Enactment of the aforementioned MSSNY Policies should become a top priority during the upcoming legislative session in Albany.
Legislation will be sought to ensure that patients are not financially penalized for the prescription of a “non-preferred” drug by either: (a) seeking legislation to mandate that any “non-preferred” agent for which no bio-equivalent “preferred” agent exists in that plan be covered as a “preferred” agent; or (b) seeking legislation to mandate that the insurer provide a credit towards the cost of the “non-preferred” agent in the amount equal to that which would have been paid had a similar “preferred” agent been prescribed. (HOD 2002-57; Reaffirmed HOD 2013; Reaffirmed HOD 2023)
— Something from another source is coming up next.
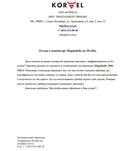 Долго искали на рынке недорогой манометр давления с дифференциалом до 0,2 кгс/см². Наконец, решили не дешевить и остановились на манометре Magnehelic 2000-20kPa. Менеджер Александр порадовал тем, что дал полное описание прибора, все сертификаты и методику поверки, а главное, цена у манометра была по спецпредложению, и получилось не так дорого. За год использования, прибор окупил себя сполна. Поверка нам не требуется, прибор показывает в разумных значениях.

70.966 Mandatory Acceptance of the Currently Utilized Physician Prescription Form by Pharmacy Benefit Plan Administration: SUNSET HOD 2013
70.967 Public Notification of Expired Pharmaceuticals:
MSSNY will aggressively pursue legislation which would mandate the placement of expiration dates on prescription drug labels as stipulated in Resolution 95-62, 96-60, reaffirmed in Resolution 99-63.
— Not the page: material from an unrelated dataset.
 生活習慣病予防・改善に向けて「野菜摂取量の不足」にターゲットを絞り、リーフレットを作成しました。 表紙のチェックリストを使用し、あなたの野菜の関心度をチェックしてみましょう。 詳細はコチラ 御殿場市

MSSNY will remind all physicians through their usual publications that all prescribed medications are to be utilized within a reasonable period of time so as to avoid the possibility of patients having unsafe or ineffective medications.
MSSNY will call upon the American Medical Association to encourage the Food and Drug Administration and/or other appropriate agencies to undertake a comprehensive study to determine how certain factors, including but not limited to time, storage and handling will affect the efficacy and safety of prescription drugs. (HOD 2002-53; Reaffirmed HOD 2013; Modified and Reaffirmed HOD 2023)
70.968 Single Dose Labeling of Medication in a School Setting by Registered Professional School Nurses: Sunset HOD 2011
70.969 Removing DEA Documentation from Uncontrolled Prescription Pad:
MSSNY adopted as policy the existing AMA Policy H-100.972 “Misuse of the DEA License Number.”
Misuse of the DEA License Number
MSSNY affirms its opposition to use of the Drug Enforcement Administration (DEA) license number for any purpose other than for verification to the dispenser that the prescriber is authorized by federal law to prescribe the substance; and will explore measures to discourage or eliminate the use of physicians’ DEA license numbers as numerical identifiers in insurance processing and other data bases, either through legislation, regulation or accommodation with organizations which currently insist on collection of this sensitive data.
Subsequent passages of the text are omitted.